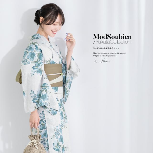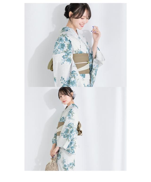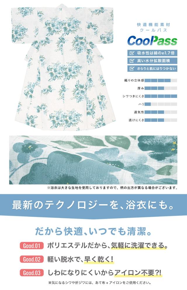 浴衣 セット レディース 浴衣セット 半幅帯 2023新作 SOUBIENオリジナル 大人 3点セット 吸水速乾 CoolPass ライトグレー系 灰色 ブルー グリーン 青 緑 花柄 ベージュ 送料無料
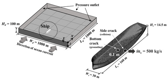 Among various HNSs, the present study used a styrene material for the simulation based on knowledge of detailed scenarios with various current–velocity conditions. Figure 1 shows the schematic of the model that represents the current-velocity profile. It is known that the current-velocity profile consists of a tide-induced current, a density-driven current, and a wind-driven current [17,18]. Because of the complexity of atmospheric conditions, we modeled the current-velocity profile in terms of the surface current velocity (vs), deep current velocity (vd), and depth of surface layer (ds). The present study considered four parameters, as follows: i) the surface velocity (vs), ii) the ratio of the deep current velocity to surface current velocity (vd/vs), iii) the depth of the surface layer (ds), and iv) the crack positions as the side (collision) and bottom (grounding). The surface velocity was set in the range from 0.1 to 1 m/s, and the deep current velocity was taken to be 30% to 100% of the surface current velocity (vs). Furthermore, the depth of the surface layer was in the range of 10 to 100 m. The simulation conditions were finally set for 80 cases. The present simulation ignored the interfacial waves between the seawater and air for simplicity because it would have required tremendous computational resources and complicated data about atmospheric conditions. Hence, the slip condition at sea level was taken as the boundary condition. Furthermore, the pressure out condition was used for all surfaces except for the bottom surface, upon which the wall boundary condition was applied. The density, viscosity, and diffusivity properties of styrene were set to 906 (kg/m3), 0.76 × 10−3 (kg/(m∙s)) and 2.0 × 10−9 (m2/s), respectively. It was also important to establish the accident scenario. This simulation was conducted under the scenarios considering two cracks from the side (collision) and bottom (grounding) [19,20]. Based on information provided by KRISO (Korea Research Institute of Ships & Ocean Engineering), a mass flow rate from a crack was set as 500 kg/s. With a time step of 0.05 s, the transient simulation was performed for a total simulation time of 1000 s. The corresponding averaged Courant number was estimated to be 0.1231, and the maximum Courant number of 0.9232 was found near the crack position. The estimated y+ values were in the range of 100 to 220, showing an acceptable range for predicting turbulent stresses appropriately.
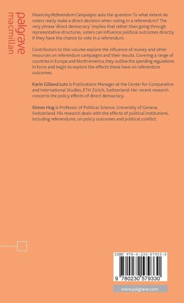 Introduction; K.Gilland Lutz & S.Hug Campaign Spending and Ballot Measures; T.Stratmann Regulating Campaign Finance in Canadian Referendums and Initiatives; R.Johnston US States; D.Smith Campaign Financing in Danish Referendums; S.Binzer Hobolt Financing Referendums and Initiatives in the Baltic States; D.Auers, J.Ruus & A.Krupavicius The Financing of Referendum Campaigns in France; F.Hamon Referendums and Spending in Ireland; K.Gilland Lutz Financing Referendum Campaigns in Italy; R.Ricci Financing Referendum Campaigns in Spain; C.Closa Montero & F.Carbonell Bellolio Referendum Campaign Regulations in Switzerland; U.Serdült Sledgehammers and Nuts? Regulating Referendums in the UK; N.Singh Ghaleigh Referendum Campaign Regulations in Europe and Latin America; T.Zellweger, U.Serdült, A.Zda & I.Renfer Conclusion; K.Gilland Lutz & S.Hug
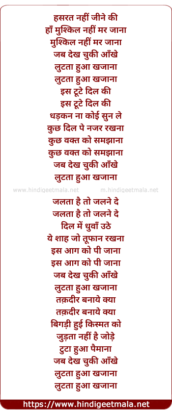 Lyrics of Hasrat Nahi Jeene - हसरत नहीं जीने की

* _Task to complete_:
In full and without changes, repeat the listing above, but not its pictures.

* _Answer to the exercise_:
 浴衣 セット レディース 浴衣セット 半幅帯 2023新作 SOUBIENオリジナル 大人 3点セット 吸水速乾 CoolPass ライトグレー系 灰色 ブルー グリーン 青 緑 花柄 ベージュ 送料無料
 Among various HNSs, the present study used a styrene material for the simulation based on knowledge of detailed scenarios with various current–velocity conditions. Figure 1 shows the schematic of the model that represents the current-velocity profile. It is known that the current-velocity profile consists of a tide-induced current, a density-driven current, and a wind-driven current [17,18]. Because of the complexity of atmospheric conditions, we modeled the current-velocity profile in terms of the surface current velocity (vs), deep current velocity (vd), and depth of surface layer (ds). The present study considered four parameters, as follows: i) the surface velocity (vs), ii) the ratio of the deep current velocity to surface current velocity (vd/vs), iii) the depth of the surface layer (ds), and iv) the crack positions as the side (collision) and bottom (grounding). The surface velocity was set in the range from 0.1 to 1 m/s, and the deep current velocity was taken to be 30% to 100% of the surface current velocity (vs). Furthermore, the depth of the surface layer was in the range of 10 to 100 m. The simulation conditions were finally set for 80 cases. The present simulation ignored the interfacial waves between the seawater and air for simplicity because it would have required tremendous computational resources and complicated data about atmospheric conditions. Hence, the slip condition at sea level was taken as the boundary condition. Furthermore, the pressure out condition was used for all surfaces except for the bottom surface, upon which the wall boundary condition was applied. The density, viscosity, and diffusivity properties of styrene were set to 906 (kg/m3), 0.76 × 10−3 (kg/(m∙s)) and 2.0 × 10−9 (m2/s), respectively. It was also important to establish the accident scenario. This simulation was conducted under the scenarios considering two cracks from the side (collision) and bottom (grounding) [19,20]. Based on information provided by KRISO (Korea Research Institute of Ships & Ocean Engineering), a mass flow rate from a crack was set as 500 kg/s. With a time step of 0.05 s, the transient simulation was performed for a total simulation time of 1000 s. The corresponding averaged Courant number was estimated to be 0.1231, and the maximum Courant number of 0.9232 was found near the crack position. The estimated y+ values were in the range of 100 to 220, showing an acceptable range for predicting turbulent stresses appropriately.
 Introduction; K.Gilland Lutz & S.Hug Campaign Spending and Ballot Measures; T.Stratmann Regulating Campaign Finance in Canadian Referendums and Initiatives; R.Johnston US States; D.Smith Campaign Financing in Danish Referendums; S.Binzer Hobolt Financing Referendums and Initiatives in the Baltic States; D.Auers, J.Ruus & A.Krupavicius The Financing of Referendum Campaigns in France; F.Hamon Referendums and Spending in Ireland; K.Gilland Lutz Financing Referendum Campaigns in Italy; R.Ricci Financing Referendum Campaigns in Spain; C.Closa Montero & F.Carbonell Bellolio Referendum Campaign Regulations in Switzerland; U.Serdült Sledgehammers and Nuts? Regulating Referendums in the UK; N.Singh Ghaleigh Referendum Campaign Regulations in Europe and Latin America; T.Zellweger, U.Serdült, A.Zda & I.Renfer Conclusion; K.Gilland Lutz & S.Hug
 Lyrics of Hasrat Nahi Jeene - हसरत नहीं जीने की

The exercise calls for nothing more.